Journal of Sedimentary Research (SEPM)

Abstract


Journal of Sedimentary Petrology
Vol. 57 (1987)No. 5. (September), Pages 845-862

Tectonic and Hydrologic Controls on Cyclic Alluvial Fan, Fluvial, and Lacustrine Rift-Basin Sedimentation, Jurassic-Lowermost Cretaceous Todos Santos Formation, Chiapas, Mexico

Terence C. Blair

ABSTRACT

The nonmarine Upper Jurassic-lowermost Cretaceous Todos Santos Formation of central Chiapas, Mexico, was deposited in half-graben basins formed during the early rifting stage of the southern Gulf of Mexico Basin. This formation consists of alluvial-fan, fluvial, and lacustrine sequences that were deposited under arid climatic conditions. Alluvial fans were built outwardly from the elongate basin margins by runoff that flowed transverse to the basin axis, whereas fluvial units were deposited by rivers that flowed parallel to the basin axis. Lacustrine deposition took place in a topographic depression adjacent to the basin margin.

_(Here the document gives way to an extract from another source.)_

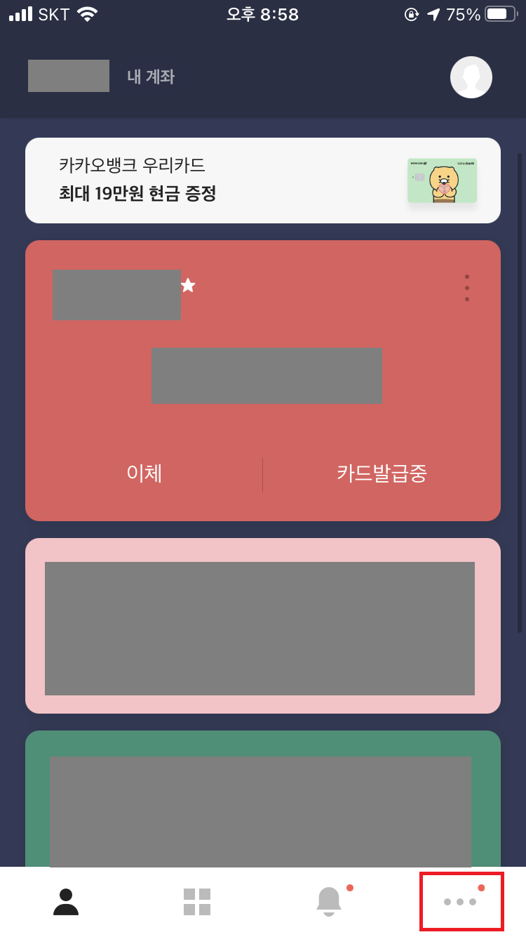 카카오뱅크 앱에 들어가셔서 이번에는 계좌를 선택하는 것이 아니라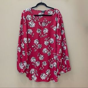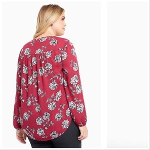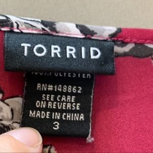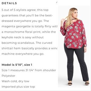 Torrid 10693423 FLORAL PRINT GEORGETTE KEYHOLE TOP, plus sz 3, 3X. “The magenta georgette is totally flirty with a monochrome floral print, while the keyhole neck is sexy without becoming scandalous. The curved shirttail hem basically provides a wind machine everywhere you go.” Bust 28.5” across, length 26 inches. Pre loved good condition.

The presence of alluvial-fan and fluvial or lacustrine deposits in vertically stacked, cyclic megasequences hundreds of meters thick indicates that the basin opography changed through time. This cyclicity denotes that periodically fluvial or lacustrine environments occupied the basin-margin position and at other times alluvial-fan sedimentation occurred there. Cyclicity was caused by periodic changes from high to low rates of basin subsidene. The response of these three depositional environments to basin subsidence differed due to the unique hydrologic controls on sediment transport and deposition in each environment. Lakes were maintained by springs that emanated from the fractured fault margin and by fluvial discharge. Fluvial discharge and deposition resulted from precipitation or annual snowmelt anywhere in the river's expansive drainage basin, whereas alluvial-fan sedimentation occurred only when there was infrequent, significant precipi ation in the small drainage basin from which fan sediment was derived. As a result of these hydrologic controls, the lacustrine or fluvial environments responded more quickly to periods of active tectonic subsidence and migrated over the fans to occupy the basin-margin depression. Aided by a decrease in basin subsidence, alluvial fans eventually prograded and displaced the fluvial or lacustrine environments away from the basin margin.